Recorded Change Overtime

The records associated with the existing Monroe Hill site and landscape date back to the colonial period. While the name, Monroe Hill, first appeared during the Civil War, the site was part of a 400-acre patent purchased by Abraham Lewis in 1735. The current name of the site derives from James Monroe's acquisition of the 800-acre plot in 1789. In February of 1789 Monroe wrote to Jefferson describing "the land," as "tolerably good and great art in wood."Monroe planned to develop his "lower plantation," consisting of Monroe Hill. Several structures were purchased by the spring of 1791, and a fire insurance policy from 1800 describes three structures, two of which are identical in size and plan. A drawing tracks the change in the building footprint overtime, mapping out chronological timeline of the development of the property from the turn of the eighteenth century to present day.

 There were a series of three major building campaigns, that field work and archival records support: Phase one dates from the 1790s to about 1819, Phase two likely mid 1820s: from about 1822 to 1823, another campaign likely occurred in the 1840s based on sources from George Spooner, and a final major early campaign in the 1860s.

Circumstances surrounding Monroe's public appointment and private finances forced him to sell 670 acres of his property to Kemp Catlett in 1806 - who later sold the land the John M. Perry. In terms of outbuildings we know that under Perry's occupation the property included a frame smoke house, an ice house, and a well. These buildings are believed to have existed during Catlett and Nichols occupation.

A letter from Jefferson to Brockenbrough, the University Proctor, in 1825, alluded to the landscape of Monroe Hill. In contrast to the Academical Village, Monroe Hill was considered more favorable for a family residence due to its distance from the bustle of student life and its outbuildings and surrounding land which could support the Brockenbrough household. Such assets attributed to the site’s nineteenth-century landscape are important to consider when reviewing Monroe Hill in its entirety and within the context of the University.

The University’s water system also helps to clarify Monroe Hill’s landscape timeline. The earliest water supply scheme designed in 1824 channeled water from Observatory Hill down to the University’s principal buildings via a network of wooden pipes and stored in cisterns on the West Lawn. Brockenbrough notes the proximity of wooden pipes to the stables and outbuildings at Monroe Hill. These wooden pipes, mentioned by Brockenbrough likely date to Jefferson's improvements to the early water system. Jefferson’s design featured log pipes that were dug deeper into the ground for added security, as to solve the leakages of the 1824 supply scheme. Thus, as early as the nineteenth century it is the clear that the landscape at Monroe Hill was altered to fit the needs of both its residences, as well as the systems and needs of the greater University. Payments made to Andrew Zigler for "repairs to pump," recorded in the Proctor's Journal in 1833 support earlier evidence of such alterations to the landscape.
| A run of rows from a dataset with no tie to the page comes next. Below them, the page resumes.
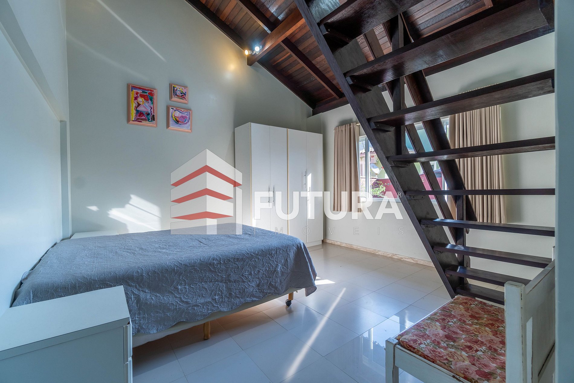 *01 suíte com cama de casal + ar condicionado + acesso a mezanino com uma cama de solteiro;
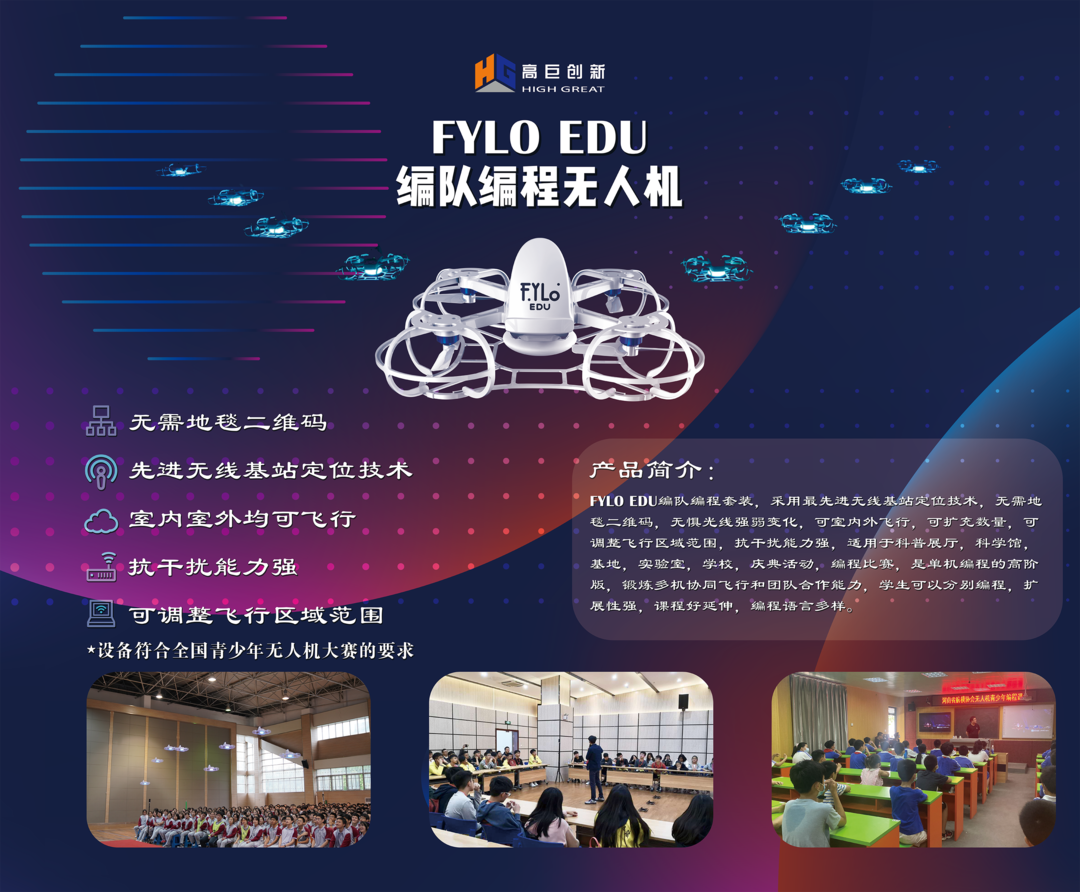 Fylo EDU教育编程无人机编队符合全国青少年无人机大赛中的“旋翼赛创意图形编程赛竞赛(附件11)”的赛具要求;
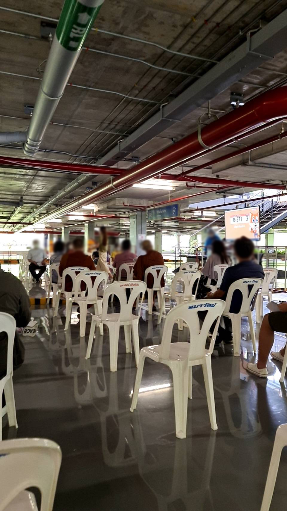 2. เมื่อถึงคิว (ส่วนมากจะเรียกทีละ 10 คิว ถ้าจำผิดขออภัยครับ) ให้ขึ้นมาข้างบน ซึ่งจะมีเก้าอี้ให้นั่งรอ และรักษาระยะห่างไว้ + มีผู้ให้คำแนะนำ ทั้งข้างบนข้างล่าง ตลอดเวลาครับ รวมถึงในห้องพักดูอาการ ก็มีผู้ให้คำแนะนำ และ บุคลากรทางการแพทย์ครับ
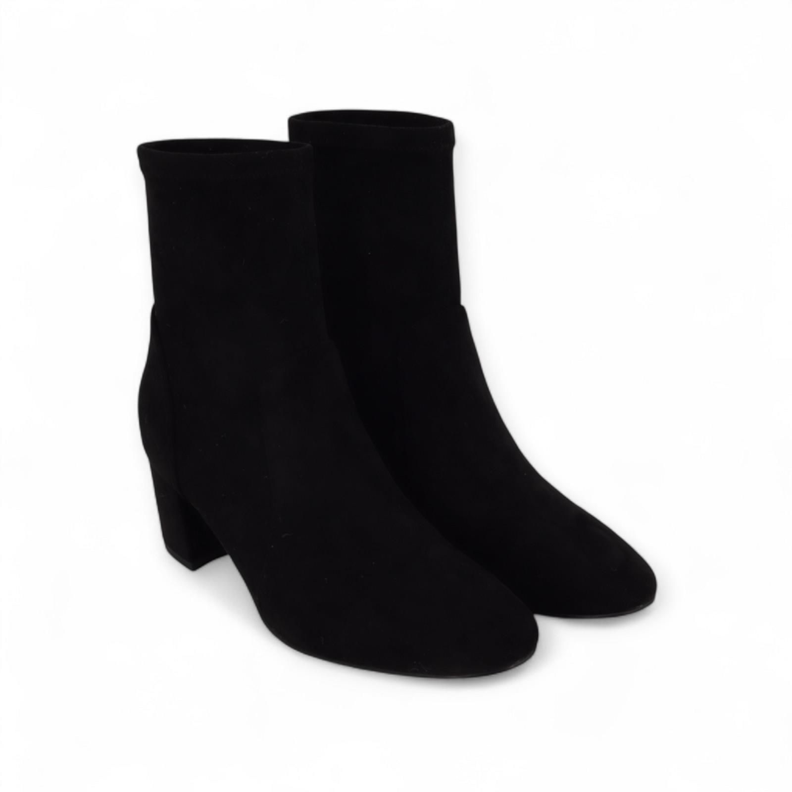 Enkellaars van Bibi Lou voor dames. Deze enkellaars in zwart suède stretchleer. Heeft een ronde neus en stekkingen rond de enkel. Is met een klein blokhakje van 5-5,5cm hoog.
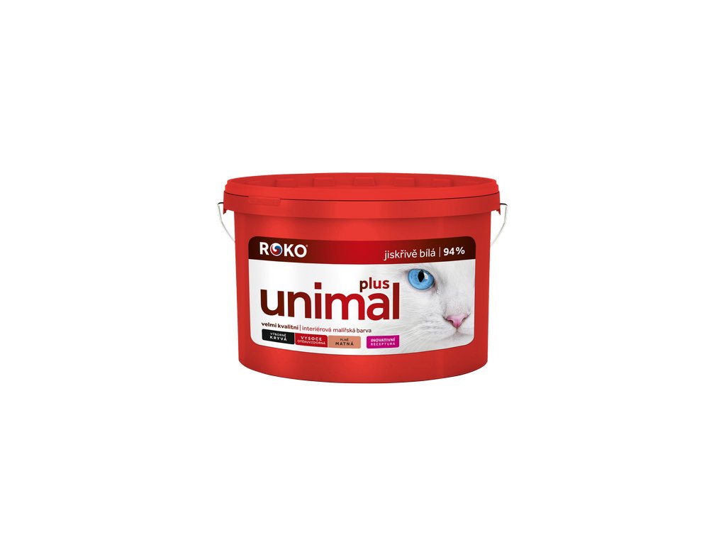 Rokounimal Plus je tradiční levný malířský nátěr s dobrou krycí schopností a se zvýšenou bělostí až 93%. Snadno se zpracovává. Díky optimálnímu obsahu akrylátové disperze nepraská a neodlupuje se. Má velmi dobrou paropropustnost.
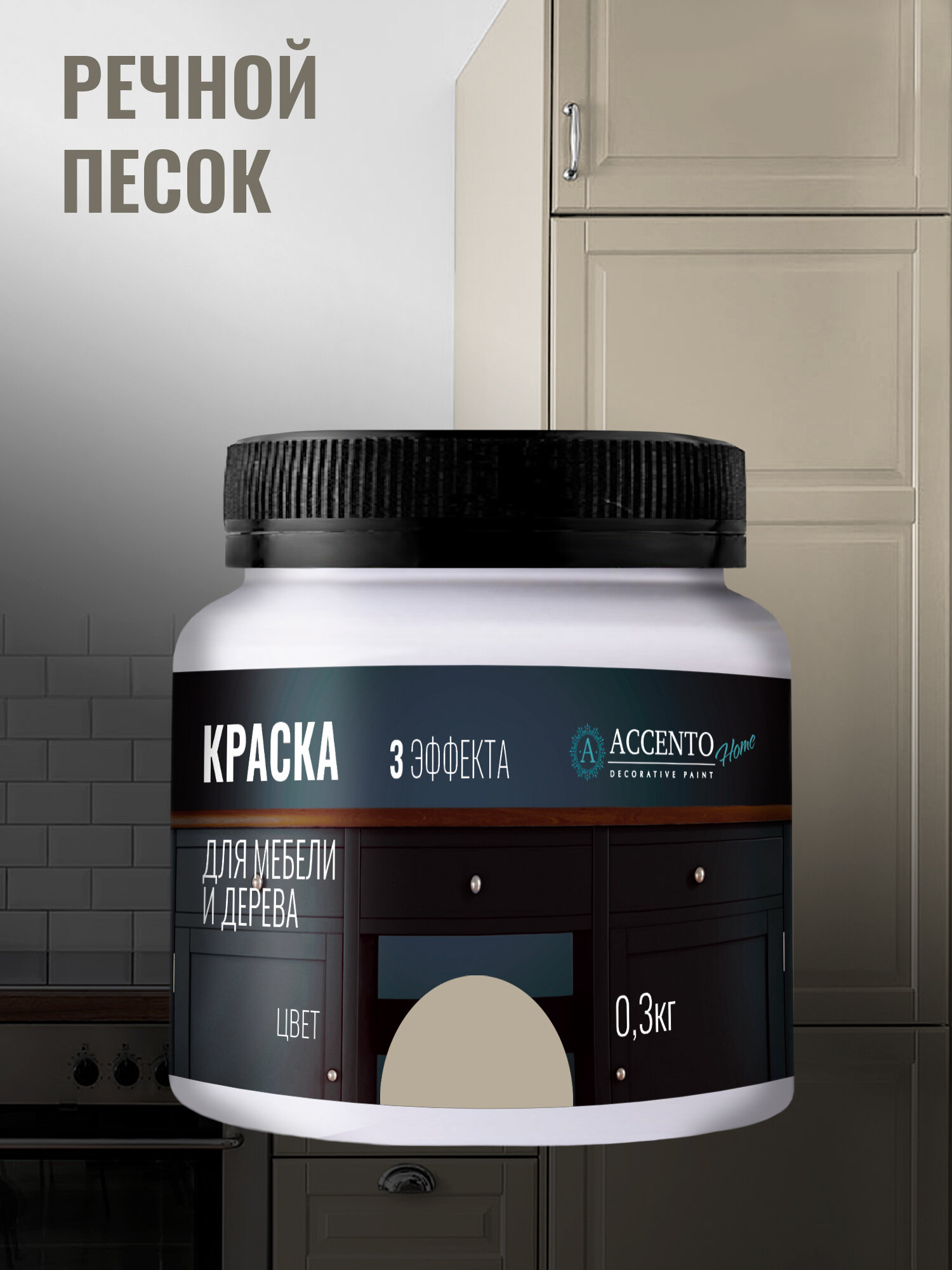 Купить Краска для мебели и дерева акриловая полуматовая, для творчества и декора, цвет Речной песок 300г
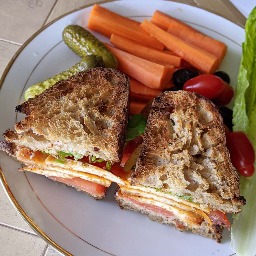 “I’ve been really fortunate to be able to purchase a weekly Good Food Box of fresh produce and bread from FoodShare Toronto, a local food-justice organization that I work at. My morning breakfast snack was inspired by the contents of my Good Food Box this week, with the addition of tofu and some condiments. I’ve made an oven-roasted tofu sandwich on sourdough bread with living pea shoots. The tofu was marinated in some Frank’s Hot Sauce, olive oil, smoked paprika and salt and pepper. I roasted it for 20 minutes and then flipped them over and roasted it for another 20 minutes, all at 400 degrees. Assemble the sandwich with a dollop of mayo, the tofu, the shoots and some slices of tomato. I like my sandwiches with pickles and carrot sticks on the side for some added crunch.”
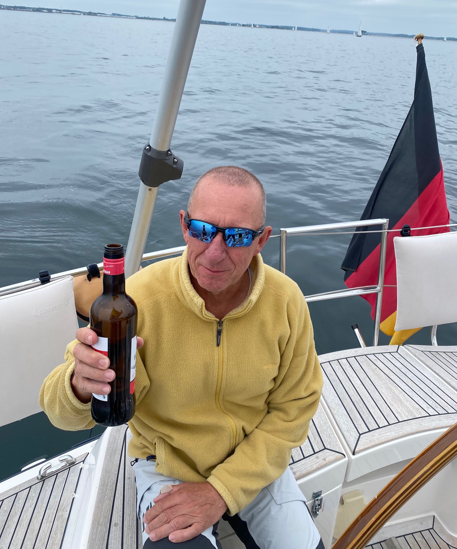 Der gestrige Schluck Sherry für Rasmus hat noch für heute gereicht. Schönster Wind aus Osten, meistens hoch am Wind, aber genau richtig. Den ganzen Tag herrliche Sonne und 22 Grad Temperatur. Marcus ist erstmalig in diesem Jahr den ganzen Tag in Shorts, so kann es bleiben. Damit euer Neid nicht zu groß wird, morgen soll es etwas regnen.
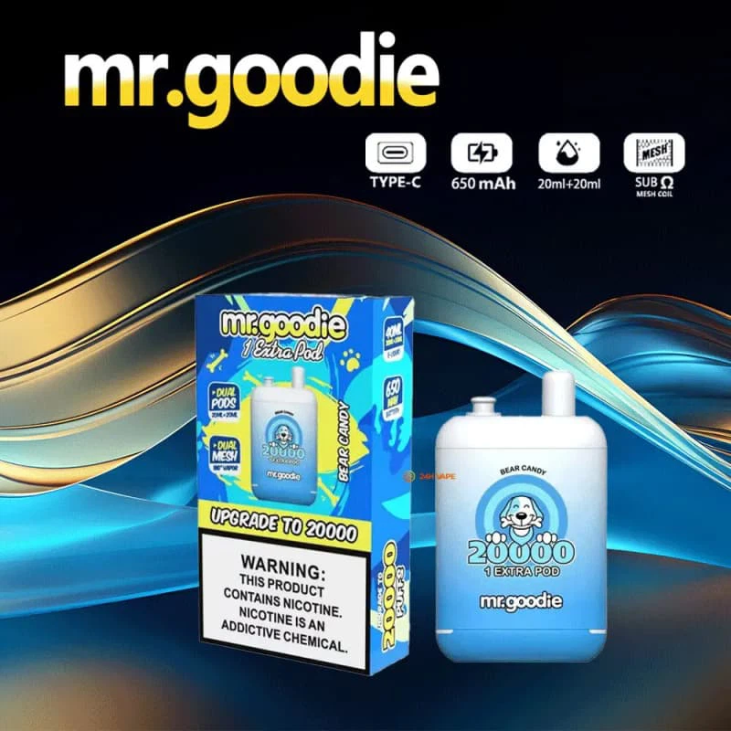 Mr. Goodie 20000 퍼프 일회용 Vape: 20,000 퍼프, 듀얼-포드 시스템 및 신뢰할 수 있는 신뢰성
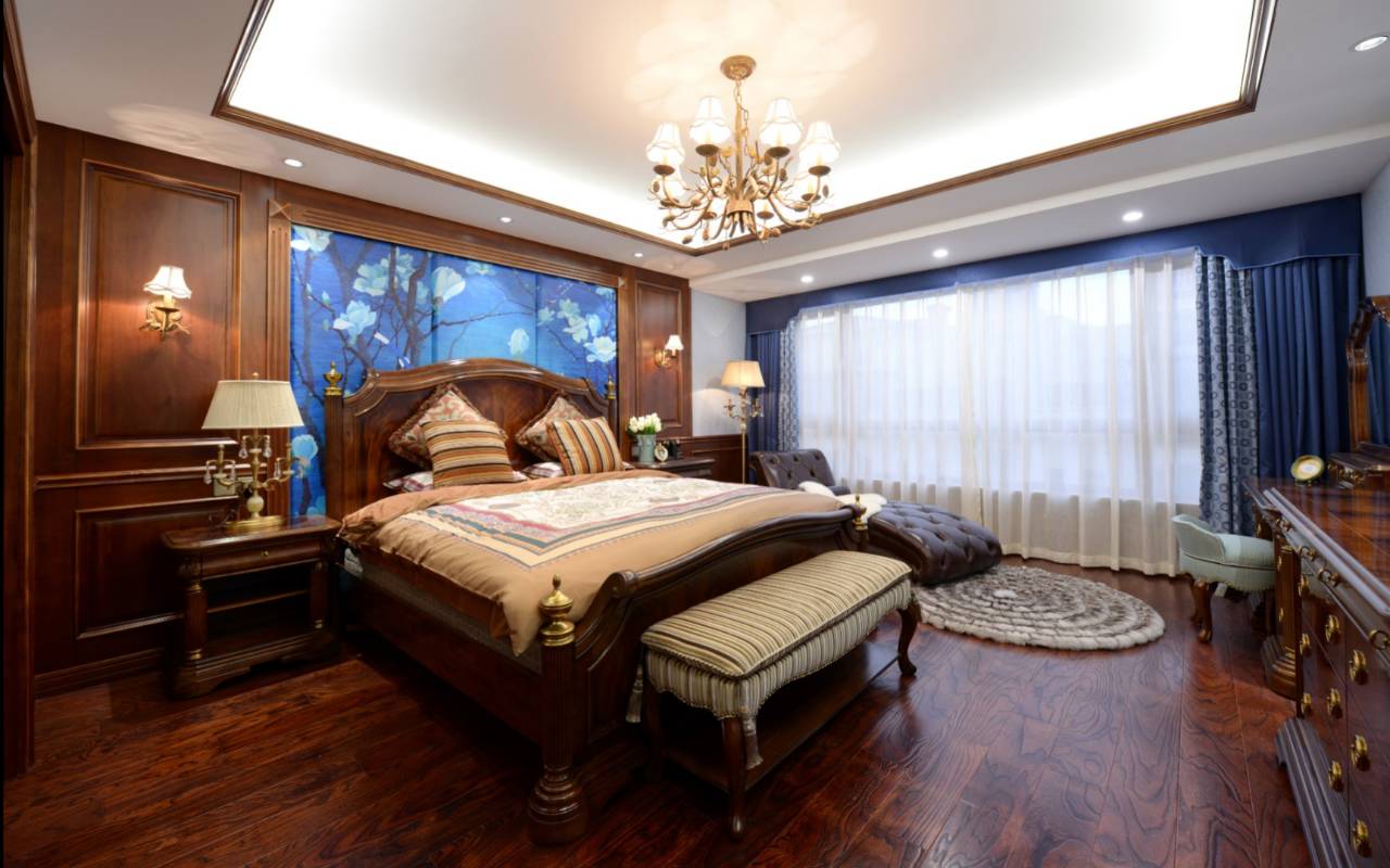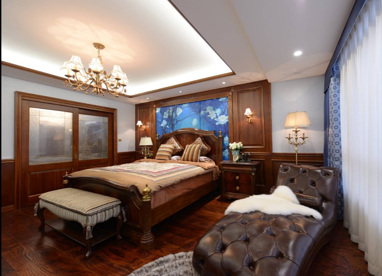 主人房内,古朴的色调铺面而来,精致的吊灯,两旁的床卫灯,地毯无不显示主人房的低调而又强大的气氛。
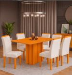 Seu visual clean se adapta facilmente a diferentes estilos de decoração, do minimalista ao mais clássico. A estrutura em madeira garante durabilidade e resistência por muitos anos de uso. Perfeita para refeições em família, jantares especiais ou para complementar a decoração do seu lar com bom gosto.
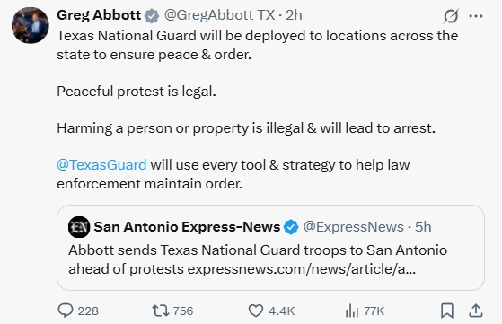 美國(guó)得克薩斯州州長(zhǎng)阿博特10日晚宣布,將在全州部署國(guó)民警衛(wèi)隊(duì),以確?!昂推脚c秩序”。
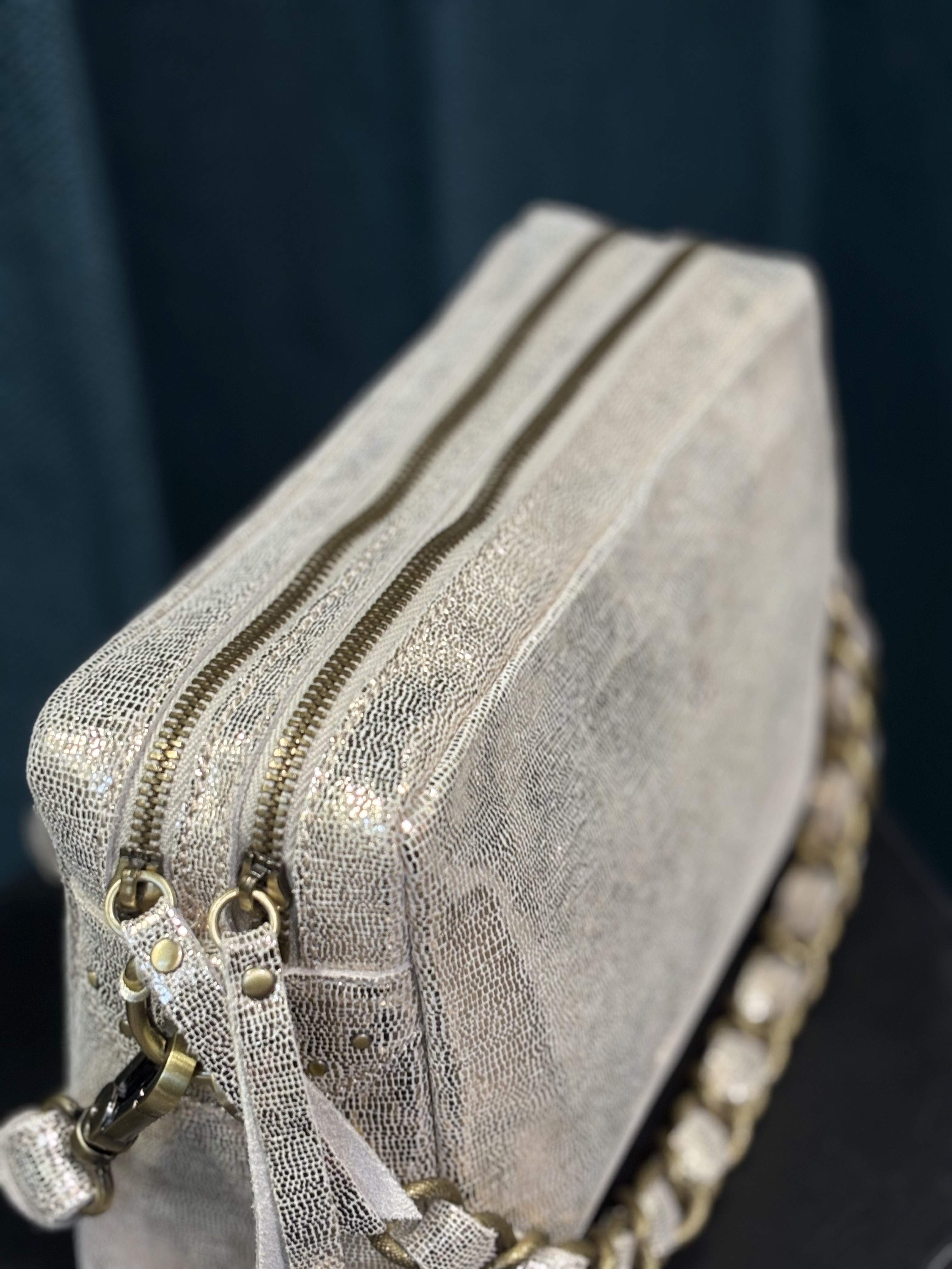 Sac MILA LOUISE modèle MAMA LRX LATTÉ en cuir sparkle doré clair effet écaille.
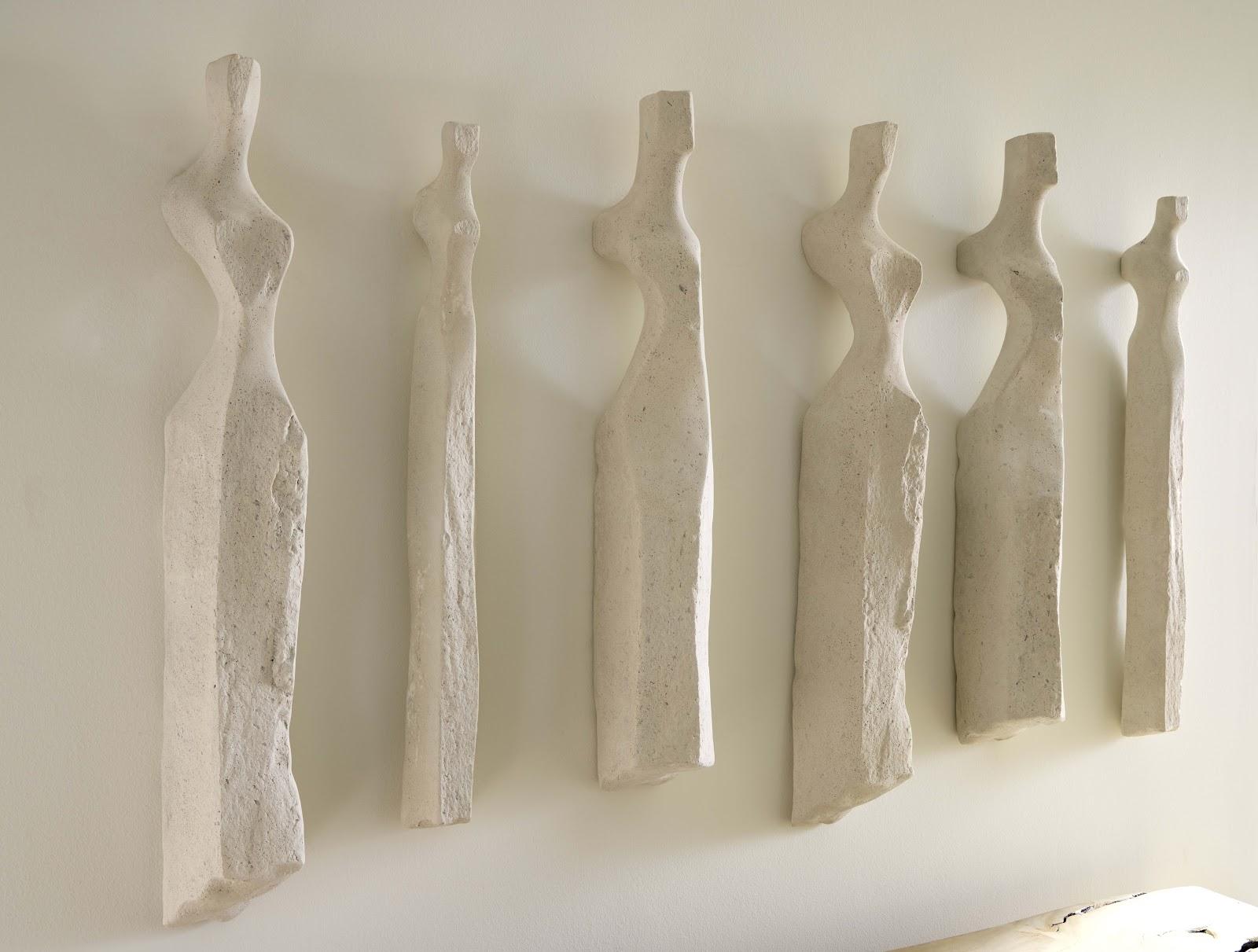 An ode to the timeless muse, this wall sculpture reinterprets the female form with abstracted, elongated lines and sculptural grace. Finished in a textured Roman Stone patina, it carries the quiet presence of an artifact while remaining decidedly modern. Both delicate and powerful, the piece brings depth and elegance to walls, whether displayed as a singular statement or part of a curated collection.

An 1855 map, drafted by Ellot shows the location of water pipes, cisterns, as well as existing buildings and their relationship to the water system. Mention of the cistern appears again in the 1860s when Thomas Farrar a freed black worker was aid thirty-five dollars for "replacing pump logs on Monroe Hill."

Another recorded installment to the landscape occurred in the mid 1830s when local suppliers sold 125 locust posts "to enclose [the] Proctor's yard." An image from 1856 records this fence, or a subsequent fence enclosing the front yard at Monroe Hill. Apparently, in the 1850s a University Farm was "attached to the Proctor's House." Yet it is unclear where the Farm was located, perhaps to the north or the west of the main house, and it does not seem to alter how the landscape is interpreted on the whole.

The University purchased Monroe Hill in 1820 and in the wake of the Civil War Monroe Hill was designated as an official faculty housing and remained as such up to the mid-twentieth century. Under Professor Venable's occupation in 1866 changes to the Monroe Hill yard were made and documented. The earlier fence was replaced and privies which featured in an earlier iteration of the yard were removed.  A map made by E.S. Campbell from 1828 shows stables which were later demolished around 1829 to make room for dormitories. The elevator and adjoining brick pathway were constructed to the south of the main house in 1994. In August of 1888, the Board of Visitors approved $2,000 for "the improvement of grounds" at Monroe Hill.

2006 aerial imagery of Monroe Hill displays a narrow pathway diagonally connecting the two major paths still existing on the site.

 This narrower pathway was removed in the last six months as can be seen in visible disruption to the site via the different grass texture evident in a recent photo taken.